-- Stored data follows --

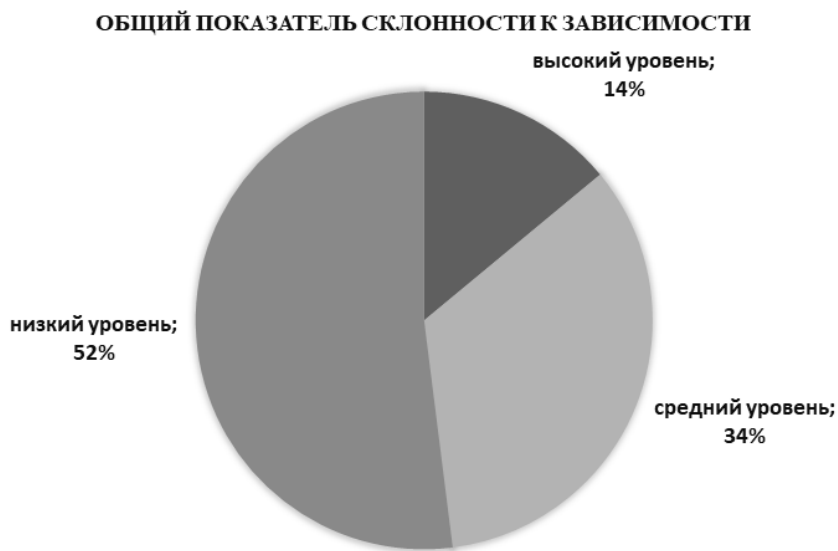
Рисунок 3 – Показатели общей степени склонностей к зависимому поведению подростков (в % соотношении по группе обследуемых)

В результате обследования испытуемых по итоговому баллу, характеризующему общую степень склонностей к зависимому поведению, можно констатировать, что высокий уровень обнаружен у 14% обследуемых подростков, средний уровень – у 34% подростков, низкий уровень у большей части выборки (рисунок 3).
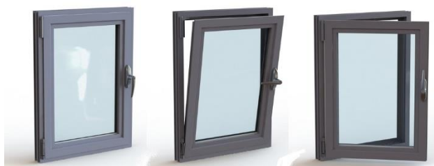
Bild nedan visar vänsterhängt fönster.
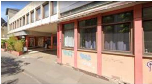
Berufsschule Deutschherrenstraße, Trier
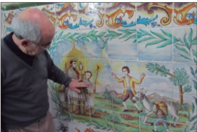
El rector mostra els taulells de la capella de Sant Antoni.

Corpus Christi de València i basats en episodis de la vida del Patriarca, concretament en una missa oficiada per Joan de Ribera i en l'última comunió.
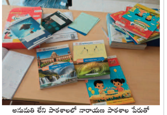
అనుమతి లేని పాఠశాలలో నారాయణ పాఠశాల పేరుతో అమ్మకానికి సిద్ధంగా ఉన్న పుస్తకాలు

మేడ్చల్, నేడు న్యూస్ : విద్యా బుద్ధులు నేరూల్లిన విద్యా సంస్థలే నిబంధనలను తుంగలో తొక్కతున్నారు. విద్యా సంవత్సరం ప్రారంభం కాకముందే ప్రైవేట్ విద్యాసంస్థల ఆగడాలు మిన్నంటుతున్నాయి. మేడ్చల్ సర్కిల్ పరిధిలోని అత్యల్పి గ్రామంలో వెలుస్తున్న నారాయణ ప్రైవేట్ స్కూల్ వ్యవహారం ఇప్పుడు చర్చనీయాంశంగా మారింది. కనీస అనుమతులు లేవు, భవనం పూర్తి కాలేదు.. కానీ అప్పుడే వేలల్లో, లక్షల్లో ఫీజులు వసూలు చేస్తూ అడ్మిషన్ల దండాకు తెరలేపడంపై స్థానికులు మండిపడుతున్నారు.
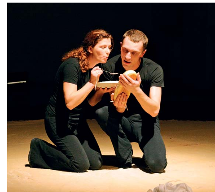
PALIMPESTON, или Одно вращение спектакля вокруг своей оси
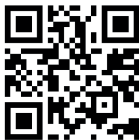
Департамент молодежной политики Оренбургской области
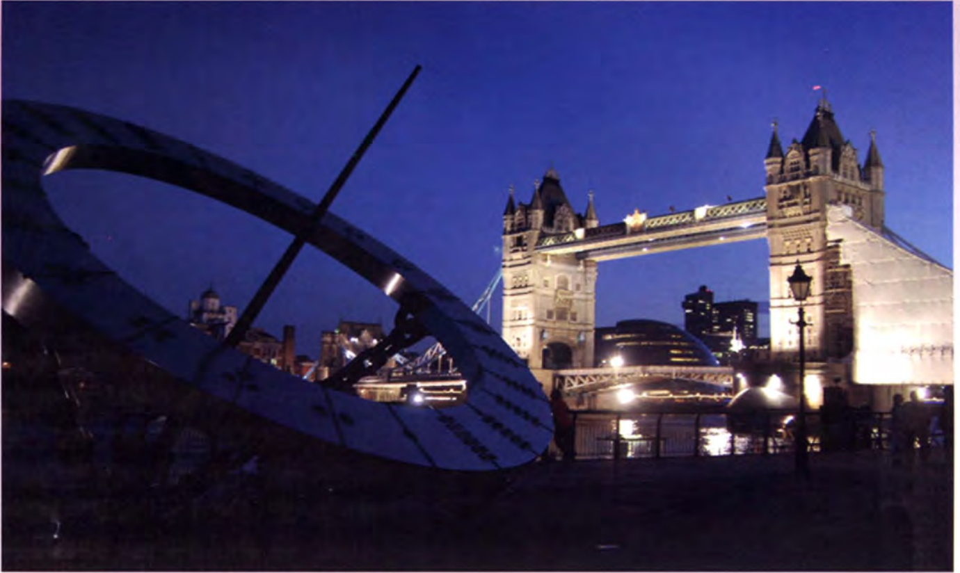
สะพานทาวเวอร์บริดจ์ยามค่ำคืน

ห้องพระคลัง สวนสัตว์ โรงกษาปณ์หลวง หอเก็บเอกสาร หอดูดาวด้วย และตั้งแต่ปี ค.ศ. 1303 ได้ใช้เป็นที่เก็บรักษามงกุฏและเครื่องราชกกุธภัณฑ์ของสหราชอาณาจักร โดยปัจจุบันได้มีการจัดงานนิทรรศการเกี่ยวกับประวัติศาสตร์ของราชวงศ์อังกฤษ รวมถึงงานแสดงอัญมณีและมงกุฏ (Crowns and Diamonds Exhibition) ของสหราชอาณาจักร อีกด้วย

-- Stored data concluded --
-- Stored data follows --

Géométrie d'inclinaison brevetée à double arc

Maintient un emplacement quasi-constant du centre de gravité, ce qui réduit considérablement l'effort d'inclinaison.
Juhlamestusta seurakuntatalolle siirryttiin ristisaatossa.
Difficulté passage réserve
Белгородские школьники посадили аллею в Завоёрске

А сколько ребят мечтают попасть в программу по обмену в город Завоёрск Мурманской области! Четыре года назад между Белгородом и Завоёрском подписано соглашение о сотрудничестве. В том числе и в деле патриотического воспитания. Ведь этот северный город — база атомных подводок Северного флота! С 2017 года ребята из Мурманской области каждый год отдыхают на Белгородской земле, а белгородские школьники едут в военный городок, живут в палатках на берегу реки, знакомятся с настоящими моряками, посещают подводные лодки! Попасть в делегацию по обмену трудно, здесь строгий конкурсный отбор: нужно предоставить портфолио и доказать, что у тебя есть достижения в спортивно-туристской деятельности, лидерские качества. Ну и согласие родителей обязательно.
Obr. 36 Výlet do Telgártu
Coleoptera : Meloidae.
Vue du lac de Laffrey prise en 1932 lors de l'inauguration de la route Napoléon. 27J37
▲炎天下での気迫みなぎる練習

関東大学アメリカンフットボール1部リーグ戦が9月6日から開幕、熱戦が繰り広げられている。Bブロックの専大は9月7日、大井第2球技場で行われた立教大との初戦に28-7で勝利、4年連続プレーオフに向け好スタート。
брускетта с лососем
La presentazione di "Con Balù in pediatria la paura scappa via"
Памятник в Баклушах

-- Stored data concluded --
-- Stored data follows --

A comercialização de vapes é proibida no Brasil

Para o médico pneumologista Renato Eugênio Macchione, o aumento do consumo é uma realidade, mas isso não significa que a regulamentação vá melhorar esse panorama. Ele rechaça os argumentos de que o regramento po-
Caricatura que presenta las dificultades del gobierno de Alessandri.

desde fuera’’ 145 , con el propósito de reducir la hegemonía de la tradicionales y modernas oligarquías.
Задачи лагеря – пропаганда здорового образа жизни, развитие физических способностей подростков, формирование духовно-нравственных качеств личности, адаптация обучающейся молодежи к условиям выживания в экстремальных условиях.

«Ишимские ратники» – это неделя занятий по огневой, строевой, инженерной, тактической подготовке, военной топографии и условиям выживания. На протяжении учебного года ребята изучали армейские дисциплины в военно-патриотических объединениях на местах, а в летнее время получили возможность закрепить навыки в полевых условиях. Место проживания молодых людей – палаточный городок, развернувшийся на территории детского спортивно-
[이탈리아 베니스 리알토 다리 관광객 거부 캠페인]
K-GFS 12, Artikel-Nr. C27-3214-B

-- Stored data concluded --

Work instruction:
Print an exact copy of the lines above, from the one containing "Corpus Christi de" through the one containing "ห้องพระคลัง สวนสัตว์ โรงกษาปณ์หลวง", and leave out the pictures.

Your solution:
Corpus Christi de València i basats en episodis de la vida del Patriarca, concretament en una missa oficiada per Joan de Ribera i en l'última comunió.
అనుమతి లేని పాఠశాలలో నారాయణ పాఠశాల పేరుతో అమ్మకానికి సిద్ధంగా ఉన్న పుస్తకాలు

మేడ్చల్, నేడు న్యూస్ : విద్యా బుద్ధులు నేరూల్లిన విద్యా సంస్థలే నిబంధనలను తుంగలో తొక్కతున్నారు. విద్యా సంవత్సరం ప్రారంభం కాకముందే ప్రైవేట్ విద్యాసంస్థల ఆగడాలు మిన్నంటుతున్నాయి. మేడ్చల్ సర్కిల్ పరిధిలోని అత్యల్పి గ్రామంలో వెలుస్తున్న నారాయణ ప్రైవేట్ స్కూల్ వ్యవహారం ఇప్పుడు చర్చనీయాంశంగా మారింది. కనీస అనుమతులు లేవు, భవనం పూర్తి కాలేదు.. కానీ అప్పుడే వేలల్లో, లక్షల్లో ఫీజులు వసూలు చేస్తూ అడ్మిషన్ల దండాకు తెరలేపడంపై స్థానికులు మండిపడుతున్నారు.
PALIMPESTON, или Одно вращение спектакля вокруг своей оси
Департамент молодежной политики Оренбургской области
สะพานทาวเวอร์บริดจ์ยามค่ำคืน

ห้องพระคลัง สวนสัตว์ โรงกษาปณ์หลวง หอเก็บเอกสาร หอดูดาวด้วย และตั้งแต่ปี ค.ศ. 1303 ได้ใช้เป็นที่เก็บรักษามงกุฏและเครื่องราชกกุธภัณฑ์ของสหราชอาณาจักร โดยปัจจุบันได้มีการจัดงานนิทรรศการเกี่ยวกับประวัติศาสตร์ของราชวงศ์อังกฤษ รวมถึงงานแสดงอัญมณีและมงกุฏ (Crowns and Diamonds Exhibition) ของสหราชอาณาจักร อีกด้วย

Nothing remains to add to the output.